[Dataset items]
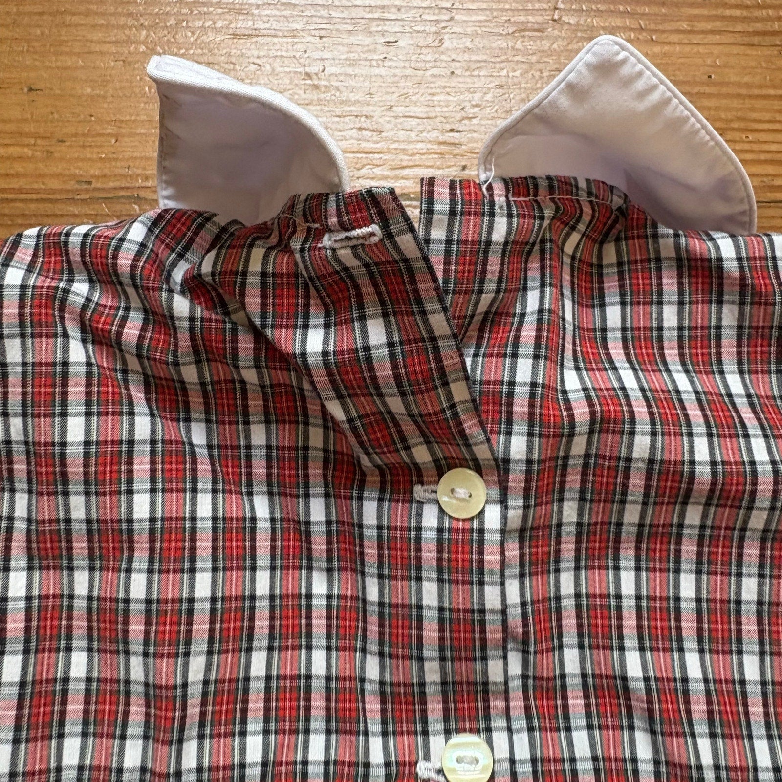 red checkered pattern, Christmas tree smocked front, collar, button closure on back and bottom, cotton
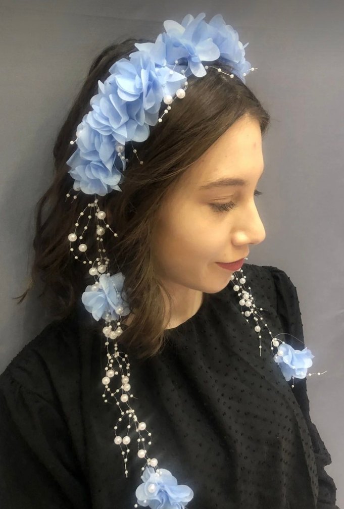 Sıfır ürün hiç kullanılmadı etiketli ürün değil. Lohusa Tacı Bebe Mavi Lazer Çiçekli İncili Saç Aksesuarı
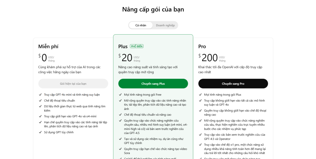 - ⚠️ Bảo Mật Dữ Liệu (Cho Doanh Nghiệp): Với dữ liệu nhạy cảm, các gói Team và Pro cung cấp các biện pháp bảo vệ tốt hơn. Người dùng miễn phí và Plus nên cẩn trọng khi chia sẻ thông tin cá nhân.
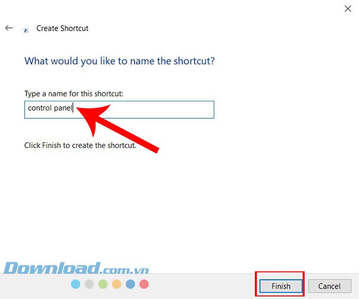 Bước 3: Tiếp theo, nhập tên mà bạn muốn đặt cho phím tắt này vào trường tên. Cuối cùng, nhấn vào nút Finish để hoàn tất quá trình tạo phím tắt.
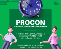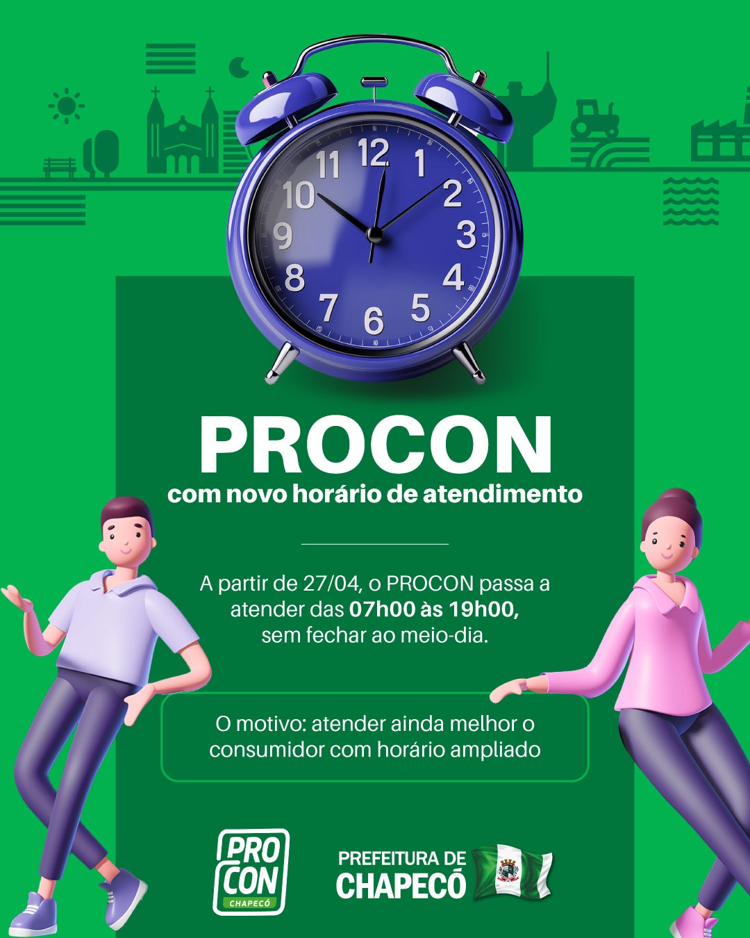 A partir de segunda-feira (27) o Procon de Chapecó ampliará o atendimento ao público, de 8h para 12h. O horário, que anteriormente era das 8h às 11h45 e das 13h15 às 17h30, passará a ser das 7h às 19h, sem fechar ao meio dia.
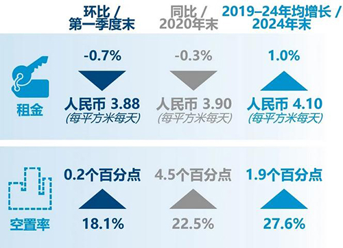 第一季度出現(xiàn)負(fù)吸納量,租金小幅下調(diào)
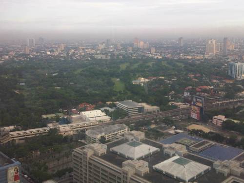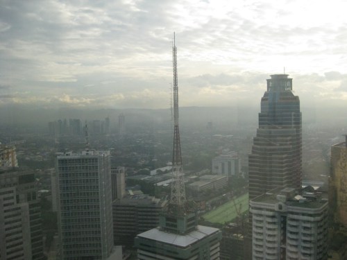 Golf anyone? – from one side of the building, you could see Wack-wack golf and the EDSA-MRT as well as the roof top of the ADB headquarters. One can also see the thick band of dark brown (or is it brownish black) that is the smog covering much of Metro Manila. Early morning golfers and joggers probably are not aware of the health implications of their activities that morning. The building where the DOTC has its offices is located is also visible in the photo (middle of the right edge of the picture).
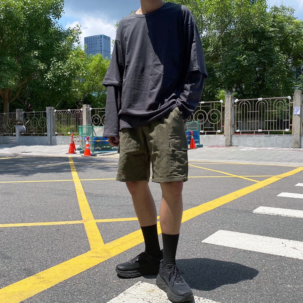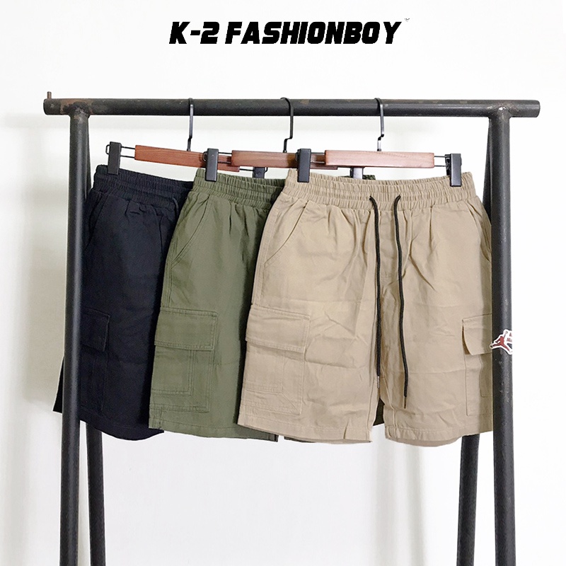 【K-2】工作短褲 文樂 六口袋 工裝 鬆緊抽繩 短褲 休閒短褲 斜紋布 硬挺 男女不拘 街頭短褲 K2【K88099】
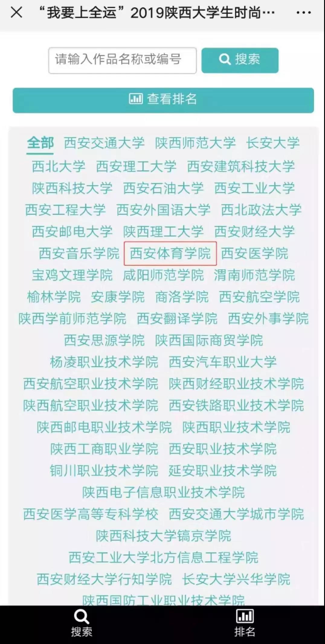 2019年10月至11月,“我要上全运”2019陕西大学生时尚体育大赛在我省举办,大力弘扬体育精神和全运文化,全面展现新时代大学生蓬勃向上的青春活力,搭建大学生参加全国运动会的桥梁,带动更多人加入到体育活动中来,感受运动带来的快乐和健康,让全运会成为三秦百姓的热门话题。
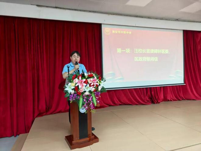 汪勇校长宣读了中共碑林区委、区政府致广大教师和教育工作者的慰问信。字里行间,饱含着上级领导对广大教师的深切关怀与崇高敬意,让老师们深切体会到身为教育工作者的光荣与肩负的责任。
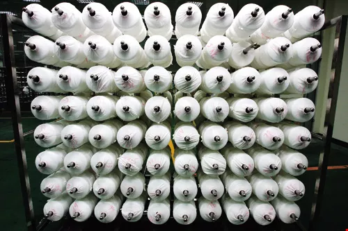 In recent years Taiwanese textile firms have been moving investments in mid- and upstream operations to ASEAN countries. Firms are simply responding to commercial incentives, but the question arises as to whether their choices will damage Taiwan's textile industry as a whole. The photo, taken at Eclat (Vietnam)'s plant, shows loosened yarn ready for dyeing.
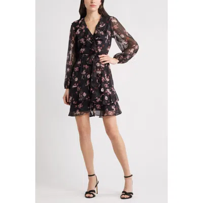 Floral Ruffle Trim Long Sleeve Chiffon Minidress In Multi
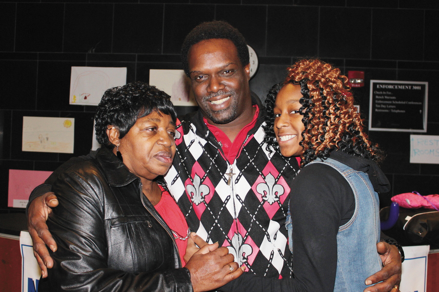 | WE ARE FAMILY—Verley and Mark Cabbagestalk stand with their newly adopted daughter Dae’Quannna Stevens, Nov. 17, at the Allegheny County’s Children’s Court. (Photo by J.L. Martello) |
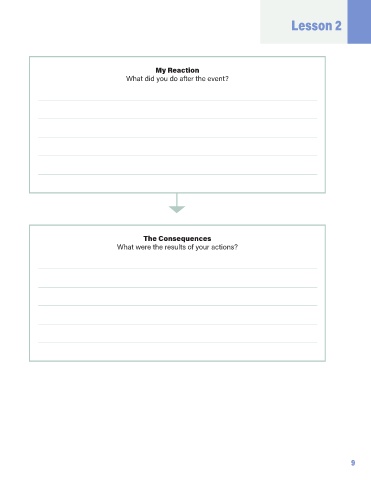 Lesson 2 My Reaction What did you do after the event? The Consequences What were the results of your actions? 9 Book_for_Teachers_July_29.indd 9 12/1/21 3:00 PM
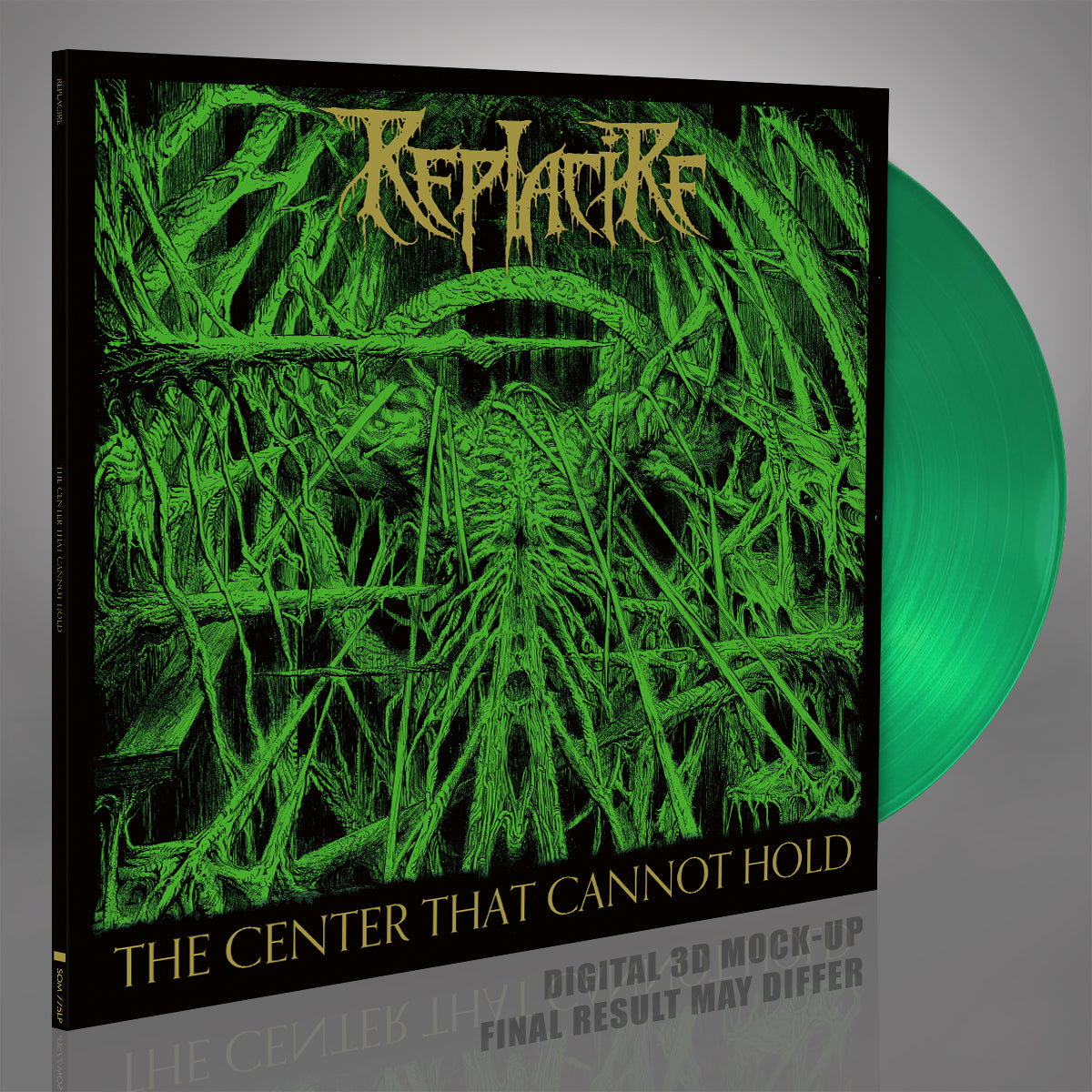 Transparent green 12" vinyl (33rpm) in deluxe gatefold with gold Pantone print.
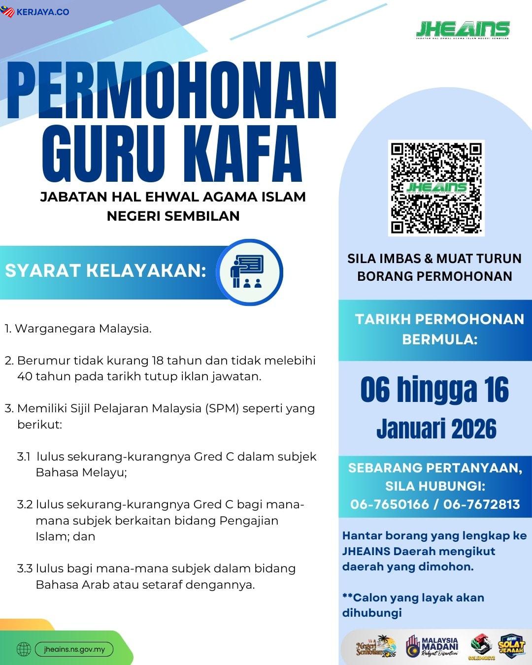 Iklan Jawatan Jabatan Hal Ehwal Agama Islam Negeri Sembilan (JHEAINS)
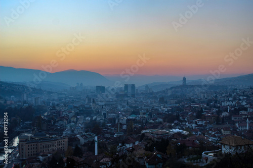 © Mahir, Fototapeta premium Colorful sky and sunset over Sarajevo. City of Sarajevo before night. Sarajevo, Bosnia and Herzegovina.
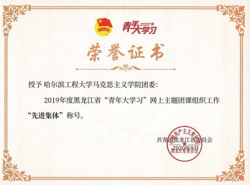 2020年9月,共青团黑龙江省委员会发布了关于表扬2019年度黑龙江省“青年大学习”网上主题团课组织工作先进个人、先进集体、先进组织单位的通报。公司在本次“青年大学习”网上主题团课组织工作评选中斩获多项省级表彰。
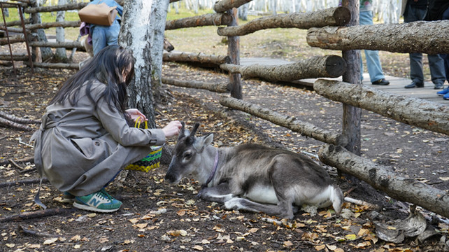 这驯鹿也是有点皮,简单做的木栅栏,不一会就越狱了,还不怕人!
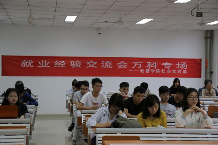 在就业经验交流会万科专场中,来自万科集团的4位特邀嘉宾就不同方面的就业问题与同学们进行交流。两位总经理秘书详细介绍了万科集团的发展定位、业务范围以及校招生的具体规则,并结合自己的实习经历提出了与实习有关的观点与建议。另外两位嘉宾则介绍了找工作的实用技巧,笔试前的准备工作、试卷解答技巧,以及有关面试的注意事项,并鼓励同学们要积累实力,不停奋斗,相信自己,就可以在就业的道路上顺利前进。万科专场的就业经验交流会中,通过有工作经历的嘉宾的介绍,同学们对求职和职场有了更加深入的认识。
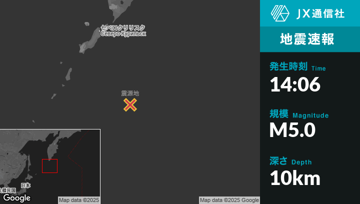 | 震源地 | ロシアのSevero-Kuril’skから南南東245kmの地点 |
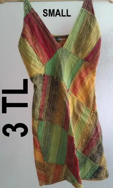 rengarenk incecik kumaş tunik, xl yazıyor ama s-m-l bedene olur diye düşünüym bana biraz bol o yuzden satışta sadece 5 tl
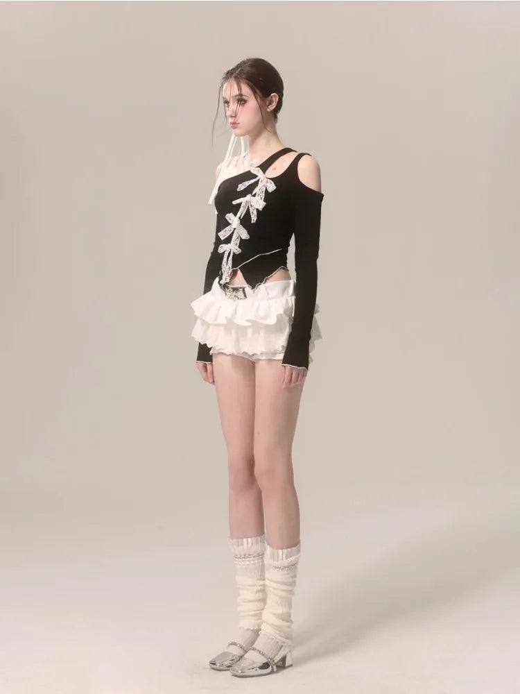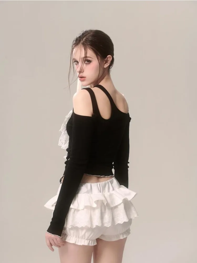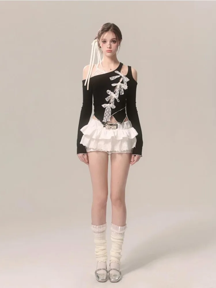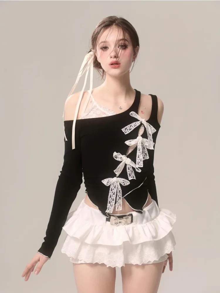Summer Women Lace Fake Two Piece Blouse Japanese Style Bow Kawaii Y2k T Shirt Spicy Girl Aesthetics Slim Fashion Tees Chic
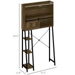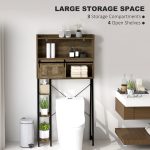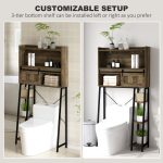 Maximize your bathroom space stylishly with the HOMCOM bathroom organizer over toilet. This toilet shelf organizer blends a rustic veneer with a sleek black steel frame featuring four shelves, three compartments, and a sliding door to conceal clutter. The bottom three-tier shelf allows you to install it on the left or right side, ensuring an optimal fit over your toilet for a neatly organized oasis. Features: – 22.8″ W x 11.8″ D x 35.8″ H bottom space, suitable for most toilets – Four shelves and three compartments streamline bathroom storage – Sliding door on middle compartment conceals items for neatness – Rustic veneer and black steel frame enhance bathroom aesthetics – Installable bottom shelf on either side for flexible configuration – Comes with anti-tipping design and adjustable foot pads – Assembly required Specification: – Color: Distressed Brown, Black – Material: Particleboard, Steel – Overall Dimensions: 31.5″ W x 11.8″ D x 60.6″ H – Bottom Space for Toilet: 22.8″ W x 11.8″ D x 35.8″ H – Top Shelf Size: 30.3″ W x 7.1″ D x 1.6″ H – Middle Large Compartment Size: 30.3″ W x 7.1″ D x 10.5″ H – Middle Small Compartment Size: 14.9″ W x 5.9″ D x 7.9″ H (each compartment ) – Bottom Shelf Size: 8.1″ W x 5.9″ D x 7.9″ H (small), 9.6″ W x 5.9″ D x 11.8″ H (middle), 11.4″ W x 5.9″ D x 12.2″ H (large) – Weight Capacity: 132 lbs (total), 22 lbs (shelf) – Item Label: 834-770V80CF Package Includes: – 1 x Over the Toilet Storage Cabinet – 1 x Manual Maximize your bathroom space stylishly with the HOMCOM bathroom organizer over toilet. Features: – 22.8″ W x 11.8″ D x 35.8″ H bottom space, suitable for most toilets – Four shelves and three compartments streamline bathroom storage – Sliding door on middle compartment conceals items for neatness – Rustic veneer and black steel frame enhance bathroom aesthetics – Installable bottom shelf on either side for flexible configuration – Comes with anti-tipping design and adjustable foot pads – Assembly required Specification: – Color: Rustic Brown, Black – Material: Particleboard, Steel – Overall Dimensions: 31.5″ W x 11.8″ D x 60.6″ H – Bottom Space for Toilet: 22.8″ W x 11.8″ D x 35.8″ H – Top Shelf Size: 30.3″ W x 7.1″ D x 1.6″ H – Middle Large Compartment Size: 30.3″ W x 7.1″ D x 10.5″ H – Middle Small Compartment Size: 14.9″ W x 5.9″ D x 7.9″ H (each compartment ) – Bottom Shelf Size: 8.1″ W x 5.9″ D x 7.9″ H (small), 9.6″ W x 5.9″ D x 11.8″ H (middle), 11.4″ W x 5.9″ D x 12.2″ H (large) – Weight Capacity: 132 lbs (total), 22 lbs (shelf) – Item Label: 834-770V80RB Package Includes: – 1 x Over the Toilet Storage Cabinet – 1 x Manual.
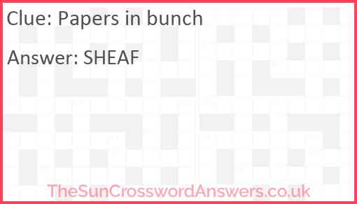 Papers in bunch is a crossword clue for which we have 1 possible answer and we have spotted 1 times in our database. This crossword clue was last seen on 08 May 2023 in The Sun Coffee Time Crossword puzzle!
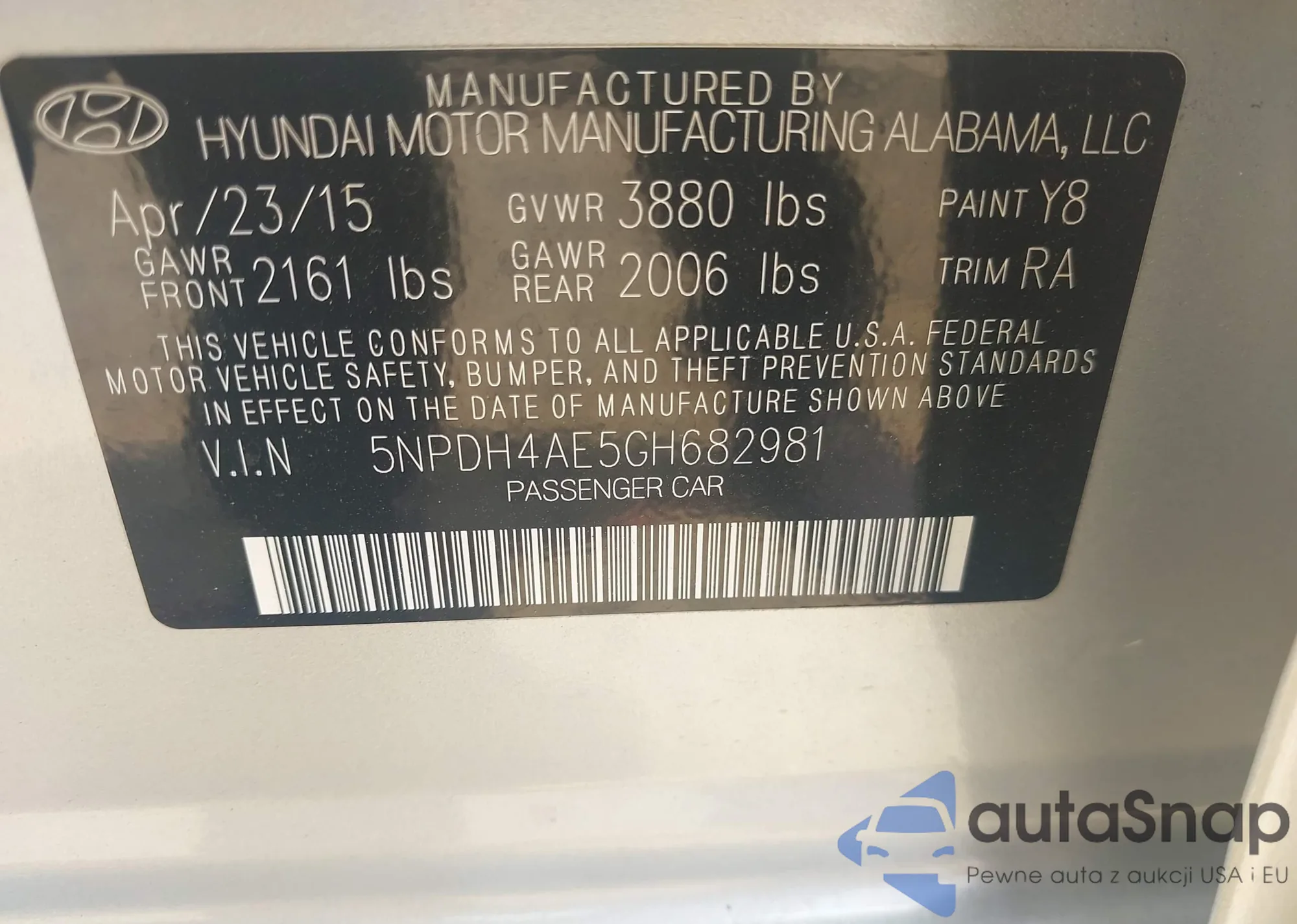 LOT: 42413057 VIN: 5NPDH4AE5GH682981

The task
Take the records from their first line through the line containing "第一季度出現(xiàn)負(fù)吸納量,租金小幅下調(diào)" and please return exactly those lines, both ends included, minus the pictures.

Solution
 red checkered pattern, Christmas tree smocked front, collar, button closure on back and bottom, cotton
 Sıfır ürün hiç kullanılmadı etiketli ürün değil. Lohusa Tacı Bebe Mavi Lazer Çiçekli İncili Saç Aksesuarı
 - ⚠️ Bảo Mật Dữ Liệu (Cho Doanh Nghiệp): Với dữ liệu nhạy cảm, các gói Team và Pro cung cấp các biện pháp bảo vệ tốt hơn. Người dùng miễn phí và Plus nên cẩn trọng khi chia sẻ thông tin cá nhân.
 Bước 3: Tiếp theo, nhập tên mà bạn muốn đặt cho phím tắt này vào trường tên. Cuối cùng, nhấn vào nút Finish để hoàn tất quá trình tạo phím tắt.
 A partir de segunda-feira (27) o Procon de Chapecó ampliará o atendimento ao público, de 8h para 12h. O horário, que anteriormente era das 8h às 11h45 e das 13h15 às 17h30, passará a ser das 7h às 19h, sem fechar ao meio dia.
 第一季度出現(xiàn)負(fù)吸納量,租金小幅下調(diào)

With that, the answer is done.